Optimal Design and Experiment of Picking End-effector for Spheroid Fruits Based on Stable Grasping

doi:10.3901/JME.260090

Abstract

Abstract: The stable gripping of the end-effector is one of the key technologies for the precise and reliable operation of the picking robot. However, in the agricultural unstructured growth environment, the fruit varies in size and shape, which is a major challenge for the stable gripping of the end-effector. Aiming at the stable gripping problem of spherical fruit, a three-finger two-knuckle end-effector driven by linkage is optimized. Firstly, the basic structure and parameters of the end-effector are designed, and then the forward kinematics model of the two-knuckle finger mechanism is established. Based on the stability of the fruit envelope, the multi-objective optimization objective function and constraint conditions for stable clamping are established, and the NSGA-II algorithm is used to optimize the parameters.
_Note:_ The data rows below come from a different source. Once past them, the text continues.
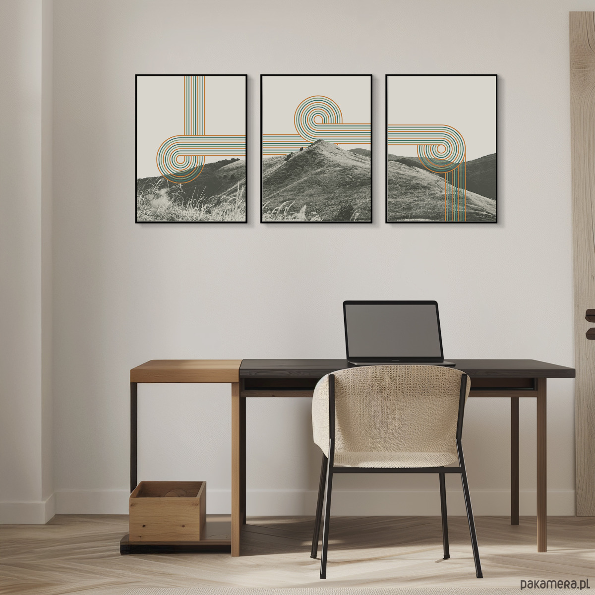 Plakaty zestaw/tryptyk góry Bieszczady, nowoczesne, w stylu retro, mid-century.
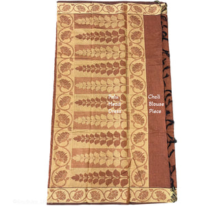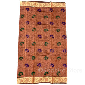 Cotton/ with a touch of silk, high-quality saree. Soft and comfortable. Rust, earth colors with deep purple and green, with a soft golden sand color border. Good for everyday use or any occasion.
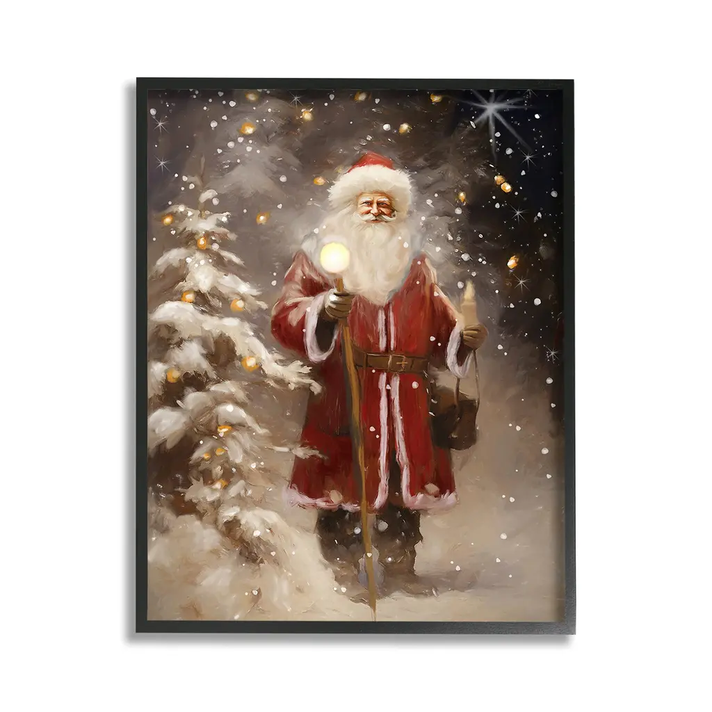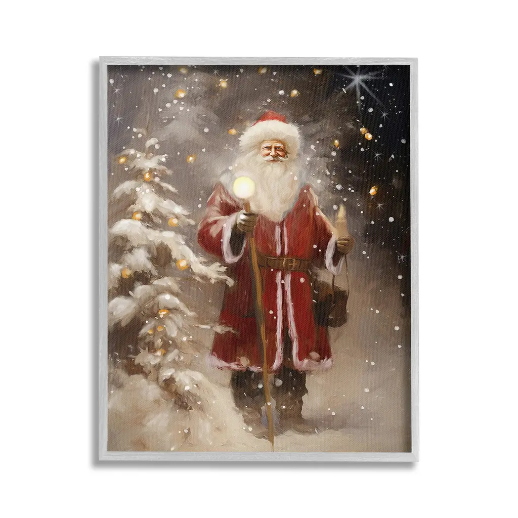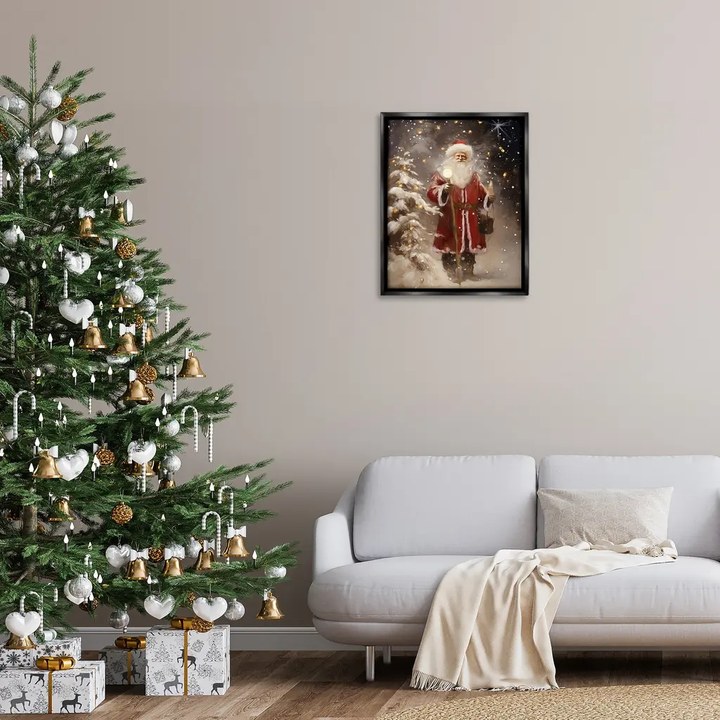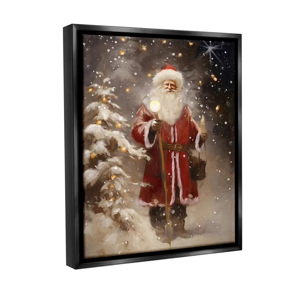 Elevate your home or office to the next level with Stupell Framed Floating Canvas Wall Art. Our premium hand-stretched canvas is mounted securely into a sturdy lightweight frame. The museum-style gap between the wrapped canvas and the box frame gives the illusion of floating artwork. Stupell Wall Art is made in the USA.Features: Dimensions: 17 x 1.7 x 21 Frame, 16 x 1.5 x 20 Canvas ArtFloating Frame Canvas Products are available in sizes 17"x21" and 25"x31". All Floating Frame Canvas Products have a 1.7" Depth.Wall Art is Ready to Hang with Hardware Free Hanging. No Installation required. For Easy Set Up Lean or Layer Artwork on Shelf or Against Wall. Artwork is Permently Fixed into the Frame.Our elevated 1.7" Thick Floating Frame is the perfect complement to our canvas style Wall Art. We use only the highest quality inks in house with industry leading printing solutions. Canvas is hand stretched over a durable wood foundation and then mounted securly into a Modern Box Frame. Made in the USA.Artwork Relates To: Christmas, Santa Claus, Person, Gift, Present, Holiday, Winter, Snow, Snowflake, Night, Ornament, Light, StarDesign by Ramona Murdock
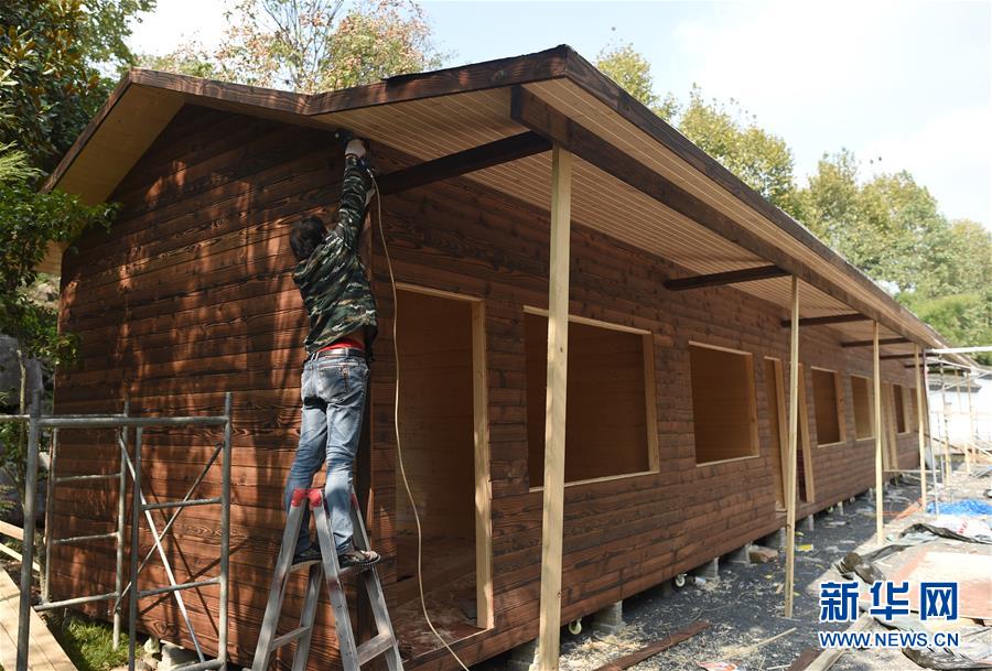 10月24日,一名工人在對班竹村新建的旅游設(shè)施進行外部裝修。新華社記者韓傳號攝
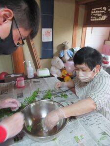 和室である利用者さんの親御さんが持ってきてくださった山椒の葉を、一枚一枚とっていきました。
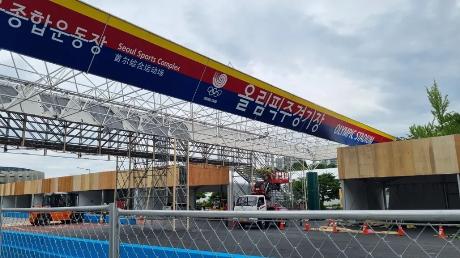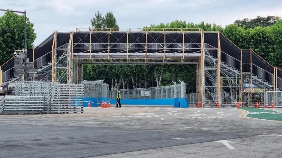 주경기장 앞에는 아직 설치되지 못한 펜스들의 적재(積載)되어 있었고, 주경기장 진입로인 서울 시가지 서킷(Seoul Streent Circuit) Turn 6(T6), 경기장에서 빠져나오는 Turn 15(T15) 구간을 위해서 아스팔트 공사가 진행 중이었다.
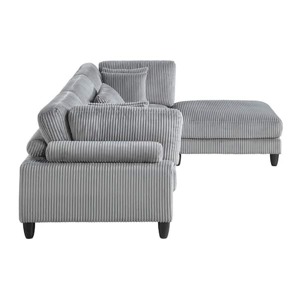 Laurelton 120 in. Pillow Top Arm 4-Piece Corduroy Fabric Modular Sectional Sofa with Ottoman in Gray
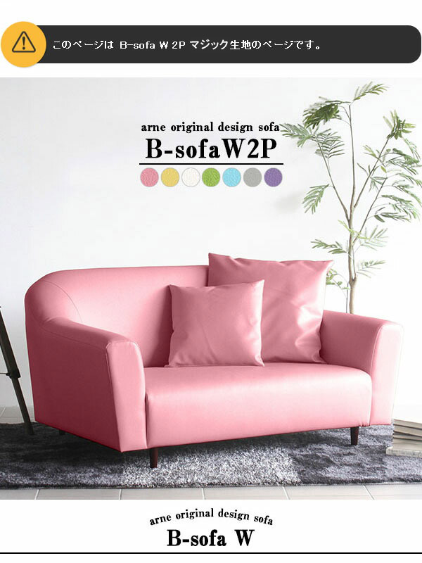 ソファ ソファー 2人掛け ピンク おしゃれ 座面ワイドソファー ダイニングソファ リビングソファー 日本製 北欧 B-sofa W 2P マジック □
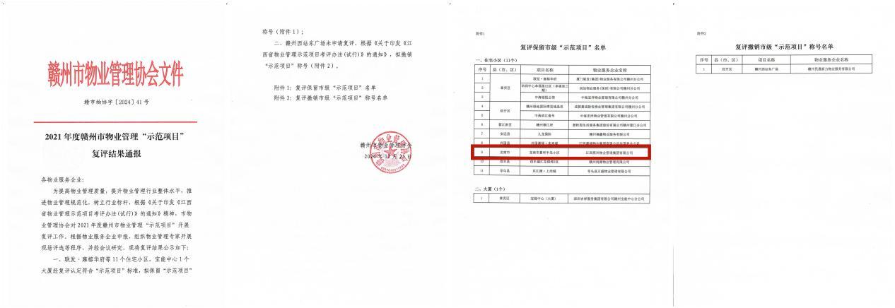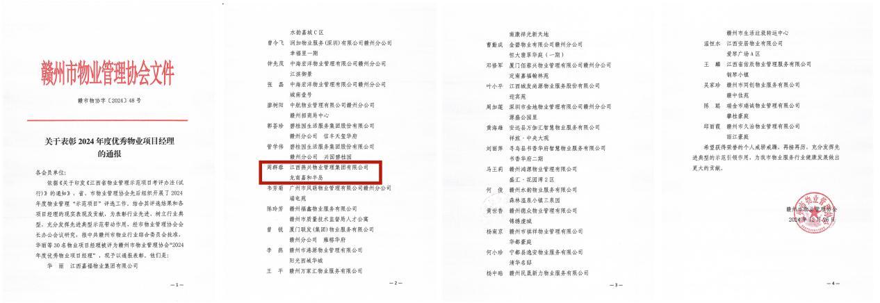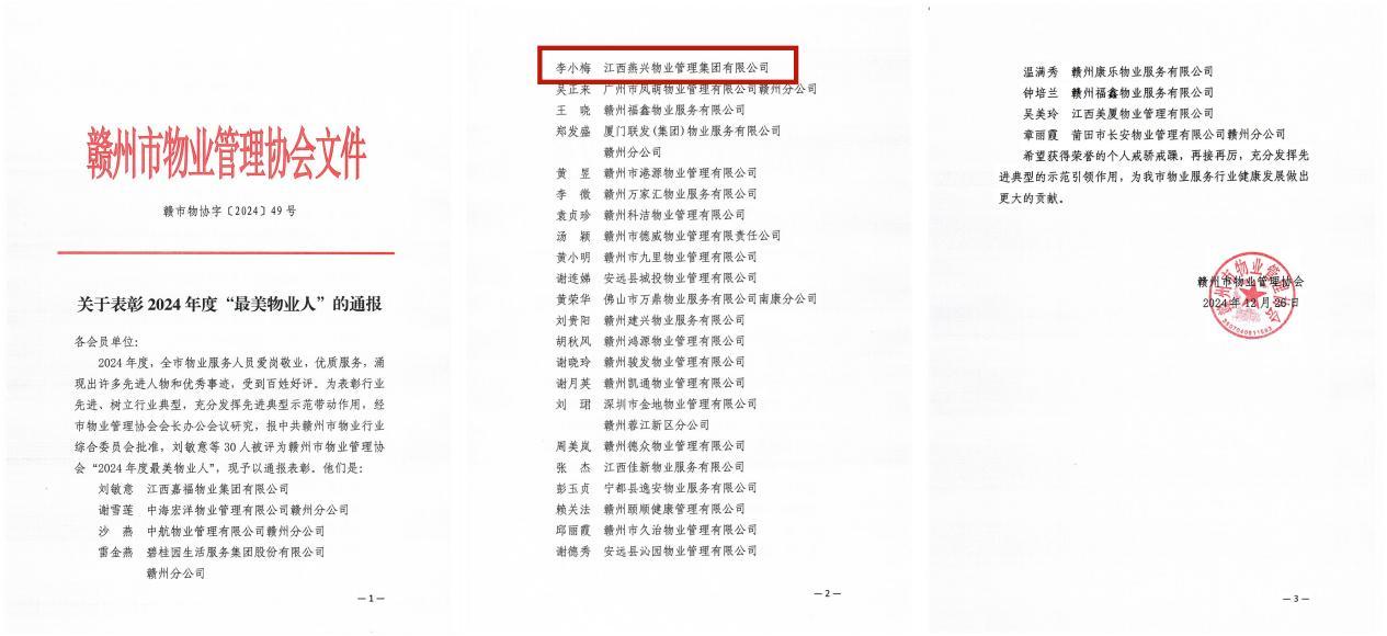2025年元月7日,贛州市物業(yè)管理協會第五屆三次會員大會在贛州市格蘭云天國際酒店勝利召開,會上對2024年度優(yōu)秀物業(yè)企業(yè)及個人進行了通報表彰。燕興物業(yè)喜獲贛州市“2024年度優(yōu)秀物業(yè)企業(yè)”“2024年度誠信自律企業(yè)”“2024年度支持文明城市創(chuàng)建先進企業(yè)”榮譽稱號;龍南嘉和半島小區(qū)復評通過“贛州市優(yōu)秀示范小區(qū)”,項目經理周群蓉喜獲“2024年度優(yōu)秀物業(yè)項目經理”榮譽稱號,公園壹號小區(qū)物管員李小梅獲得“最美物業(yè)人”榮譽稱號。

The correctness of the motion law of the designed end-effector is verified by ADAMS simulation platform. Finally, the stable gripping test of tomato fruits with different sizes and postures is carried out. The experimental results show that when tomato fruits with different sizes and shapes are clamped, the average centroid offset of the fruit relative to the end-effector is 4.30 mm. The average position change of each knucklegrip contact point was 6.23 mm. The designed end-effector has good adaptability to different sizes and postures of tomatoes, and can effectively improve the gripping stability of the end-effector, which has important theoretical and technical support for the development and application of the picking robot.

Key words: stable gripping, fruit picking, multi-objective optimization, NSGA-II algorithm, end-effector, parameter optimization

CLC Number:

TP242

TAN Li, YU Huang, DU Xiaoqiang, HE Leiying, MA Zenghong. Optimal Design and Experiment of Picking End-effector for Spheroid Fruits Based on Stable Grasping[J]. Journal of Mechanical Engineering, 2026, 62(3): 353-365.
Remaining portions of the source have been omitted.